### [Directions for this task]
Please restate word for word the lines of the entries below from the one with "இந்திய கலாச்சாரத்தின் அழகான" to the one with "Телевизор Hisense 55A6Q", inclusive, and leave out every picture.

━━━━━ Dataset records

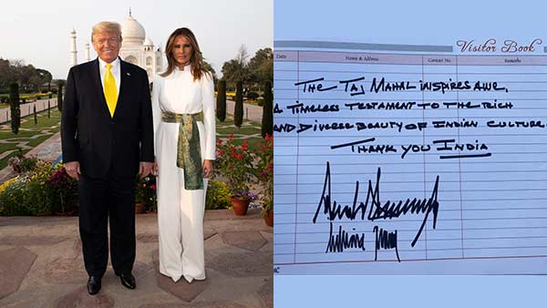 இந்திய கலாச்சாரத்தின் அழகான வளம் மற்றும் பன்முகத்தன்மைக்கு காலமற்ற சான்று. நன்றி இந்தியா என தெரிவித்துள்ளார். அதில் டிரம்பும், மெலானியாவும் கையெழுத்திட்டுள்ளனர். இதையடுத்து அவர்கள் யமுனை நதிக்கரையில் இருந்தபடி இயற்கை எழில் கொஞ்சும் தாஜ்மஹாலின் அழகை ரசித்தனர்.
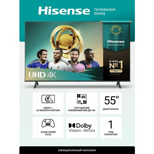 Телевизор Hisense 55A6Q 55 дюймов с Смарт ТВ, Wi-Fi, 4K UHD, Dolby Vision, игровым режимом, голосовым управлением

━━━━━━━━━━
━━━━━ Dataset records

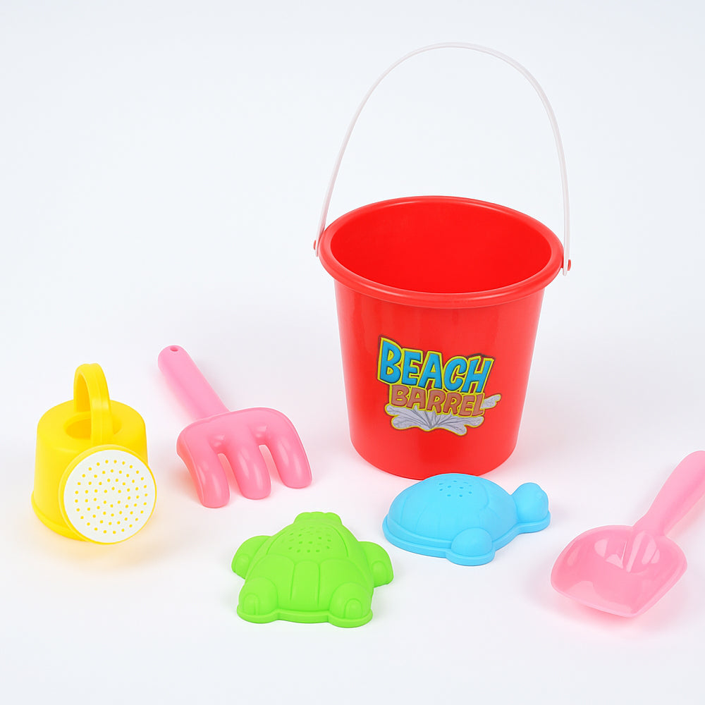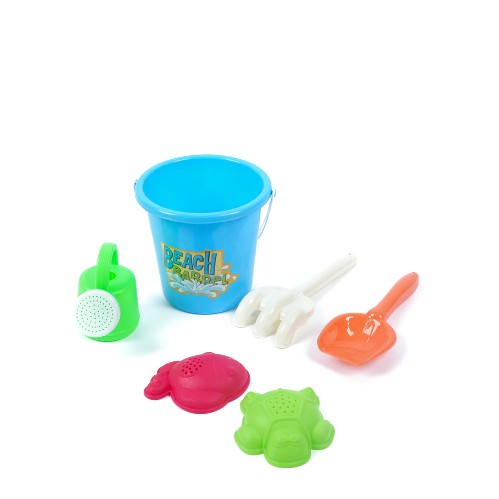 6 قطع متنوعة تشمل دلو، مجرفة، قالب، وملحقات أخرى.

━━━━━━━━━━
━━━━━ Dataset records

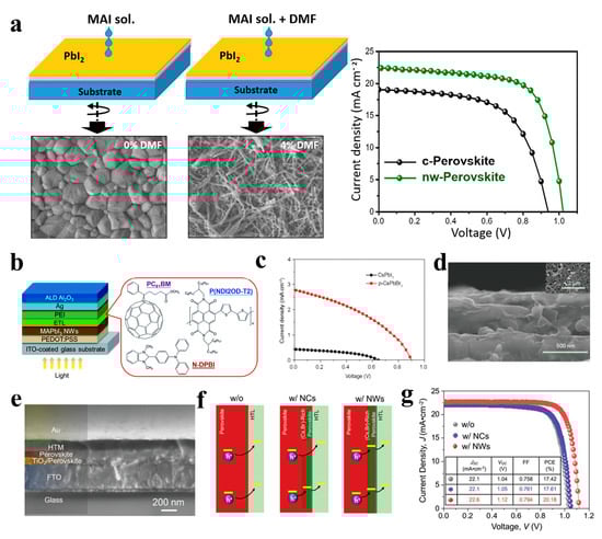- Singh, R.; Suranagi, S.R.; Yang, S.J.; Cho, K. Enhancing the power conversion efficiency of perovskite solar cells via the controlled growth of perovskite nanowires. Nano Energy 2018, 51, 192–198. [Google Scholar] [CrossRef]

━━━━━━━━━━

### [Result for this exercise]
 இந்திய கலாச்சாரத்தின் அழகான வளம் மற்றும் பன்முகத்தன்மைக்கு காலமற்ற சான்று. நன்றி இந்தியா என தெரிவித்துள்ளார். அதில் டிரம்பும், மெலானியாவும் கையெழுத்திட்டுள்ளனர். இதையடுத்து அவர்கள் யமுனை நதிக்கரையில் இருந்தபடி இயற்கை எழில் கொஞ்சும் தாஜ்மஹாலின் அழகை ரசித்தனர்.
 Телевизор Hisense 55A6Q 55 дюймов с Смарт ТВ, Wi-Fi, 4K UHD, Dolby Vision, игровым режимом, голосовым управлением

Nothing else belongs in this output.